GIVEN INFORMATION
==*==

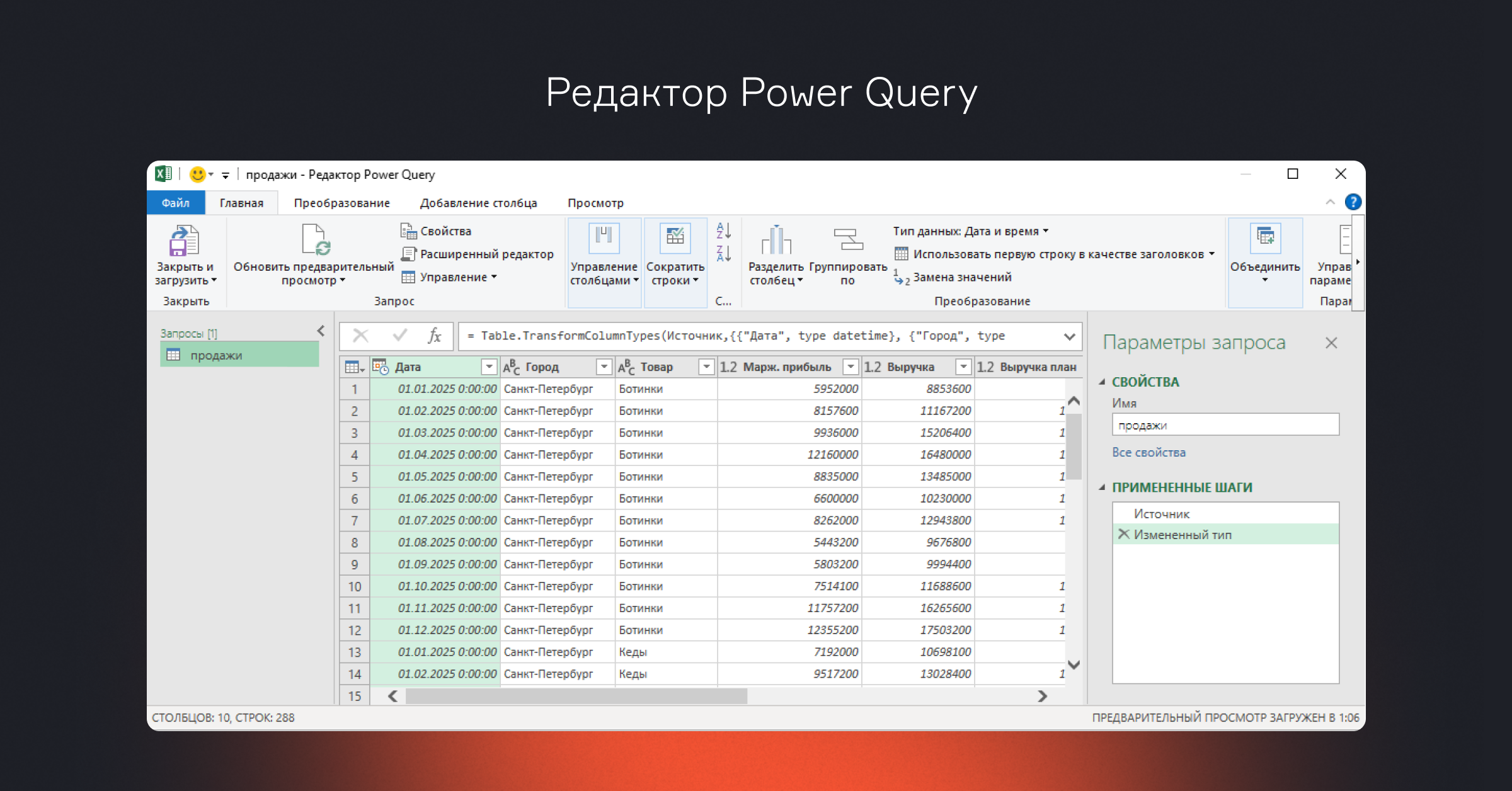 Удобный инструмент для импорта и преобразования сведений из экселя, БД, веб‑сервисов и текстовых файлов. Настройте требуемое подключение и правила обработки данных. Впоследствии достаточно нажать «Обновить все» — таблицы мгновенно подтянут свежие данные и пересчитаются автоматически.
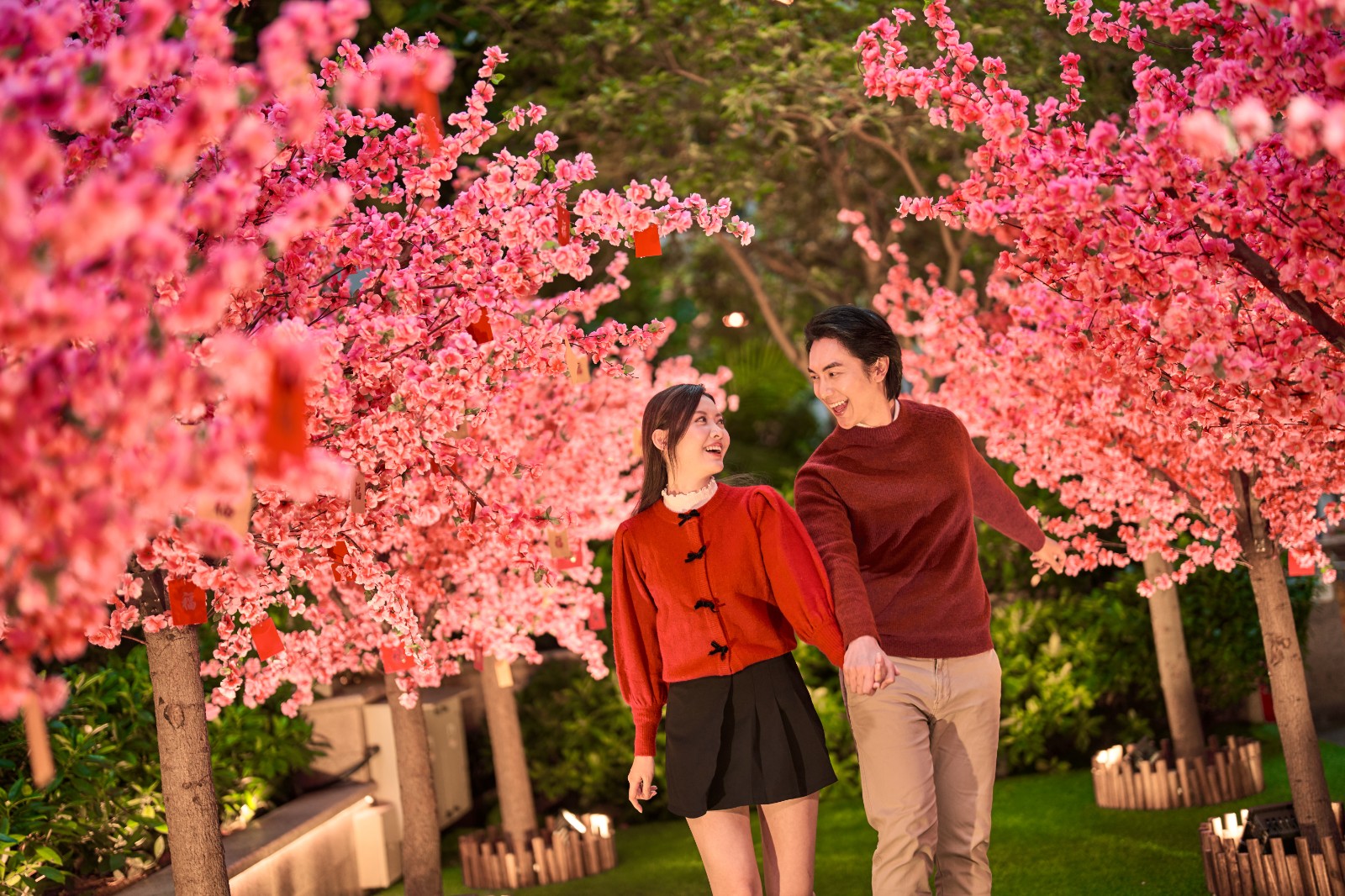 是次活動以「喜慶燈海迎新春」為主題,延續(xù)過往傳統(tǒng),將逾800個豔紅金碧、大小不一的燈籠掛滿林蔭大道的半空。夜幕降臨時燈火輝煌,照耀整個灣仔;今年特別展出金黃色的燈籠,象徵香港的生機勃勃、閃爍奪目,同時祝福財源廣進(jìn)、平安喜樂。中庭設(shè)置了桃花樹園,12棵高近4米的桃花樹聳立於園林之中,搭配大型心形拱門,形成浪漫景致。當(dāng)夜色降臨,桃花樹與大街的燈籠一同亮起,行大運之餘,不妨與摯愛於拱門下合照,感受甜蜜佳節(jié)。
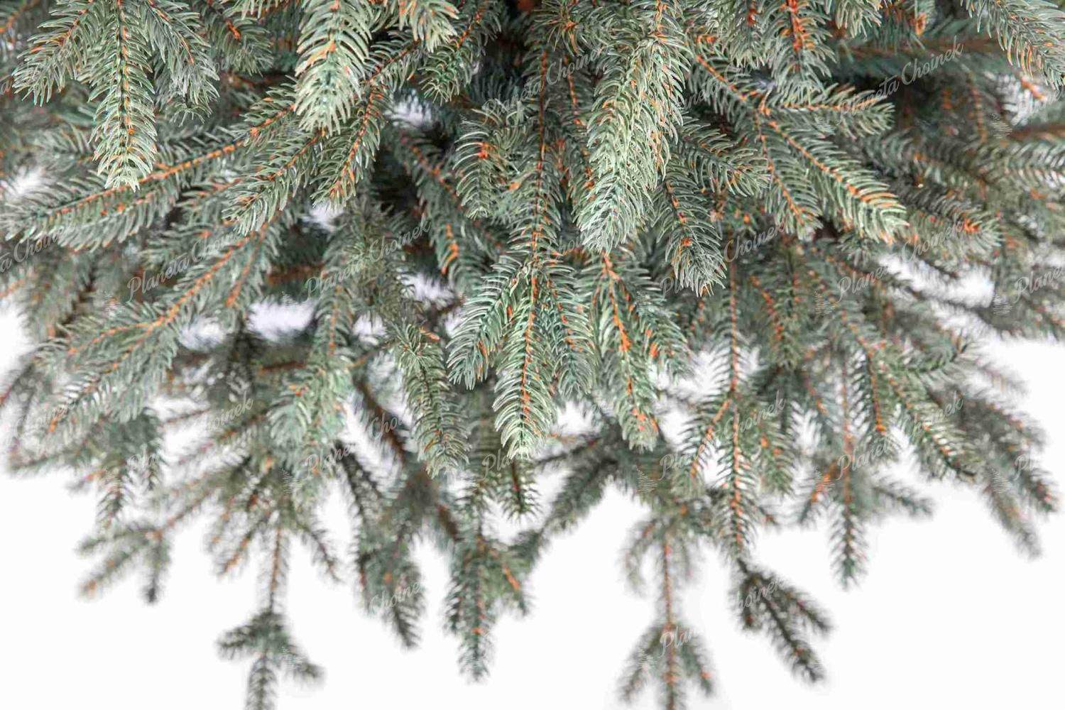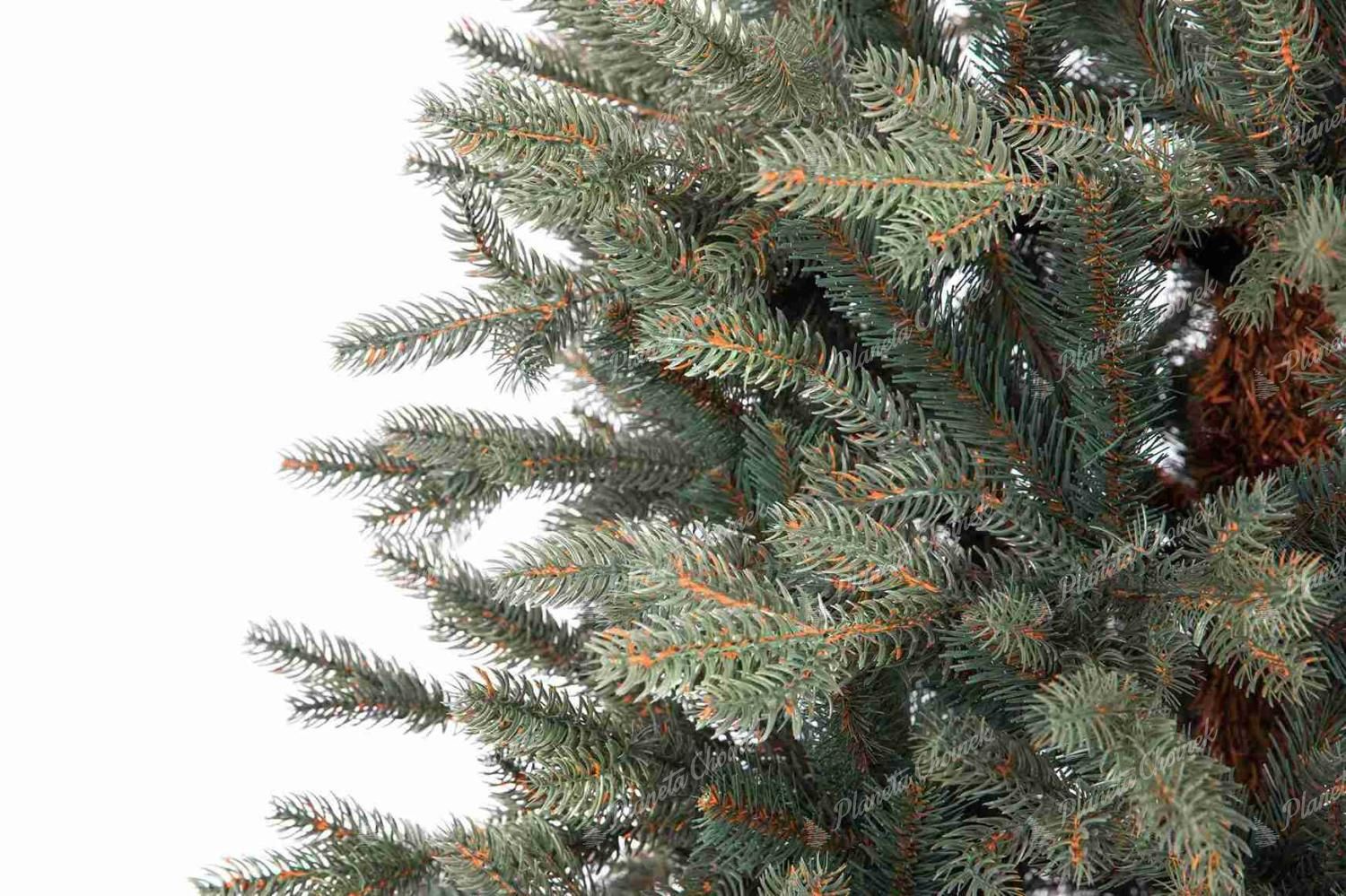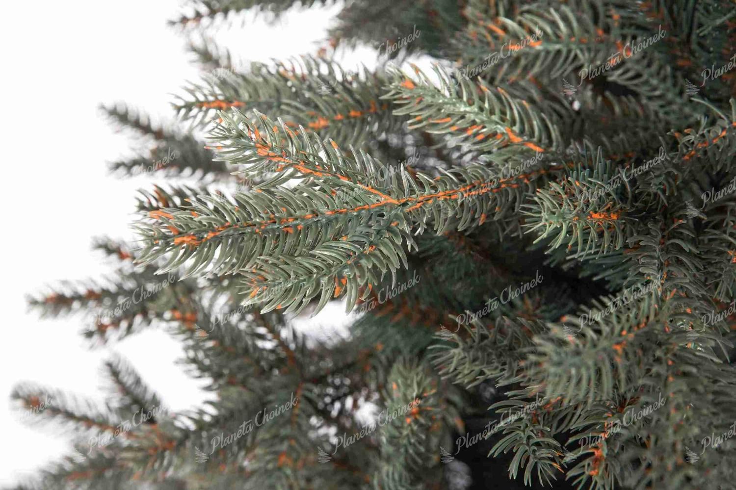 Model wyróżnia się lodowo-srebrnym PE igliwiem, które pięknie odbija światło i przywodzi na myśl skute lodem gałązki świerku. Realistyczne końcówki gałązek wykonane z PE zostały uzupełnione wewnątrz drzewka klasycznymi, zielonymi gałązkami PVC, co nadaje choince wyjątkową gęstość i objętość.

==*==

PROBLEM STATEMENT
Would you give the data above again word for word, minus the pictures?

PROBLEM SOLUTION
 Удобный инструмент для импорта и преобразования сведений из экселя, БД, веб‑сервисов и текстовых файлов. Настройте требуемое подключение и правила обработки данных. Впоследствии достаточно нажать «Обновить все» — таблицы мгновенно подтянут свежие данные и пересчитаются автоматически.
 是次活動以「喜慶燈海迎新春」為主題,延續(xù)過往傳統(tǒng),將逾800個豔紅金碧、大小不一的燈籠掛滿林蔭大道的半空。夜幕降臨時燈火輝煌,照耀整個灣仔;今年特別展出金黃色的燈籠,象徵香港的生機勃勃、閃爍奪目,同時祝福財源廣進(jìn)、平安喜樂。中庭設(shè)置了桃花樹園,12棵高近4米的桃花樹聳立於園林之中,搭配大型心形拱門,形成浪漫景致。當(dāng)夜色降臨,桃花樹與大街的燈籠一同亮起,行大運之餘,不妨與摯愛於拱門下合照,感受甜蜜佳節(jié)。
 Model wyróżnia się lodowo-srebrnym PE igliwiem, które pięknie odbija światło i przywodzi na myśl skute lodem gałązki świerku. Realistyczne końcówki gałązek wykonane z PE zostały uzupełnione wewnątrz drzewka klasycznymi, zielonymi gałązkami PVC, co nadaje choince wyjątkową gęstość i objętość.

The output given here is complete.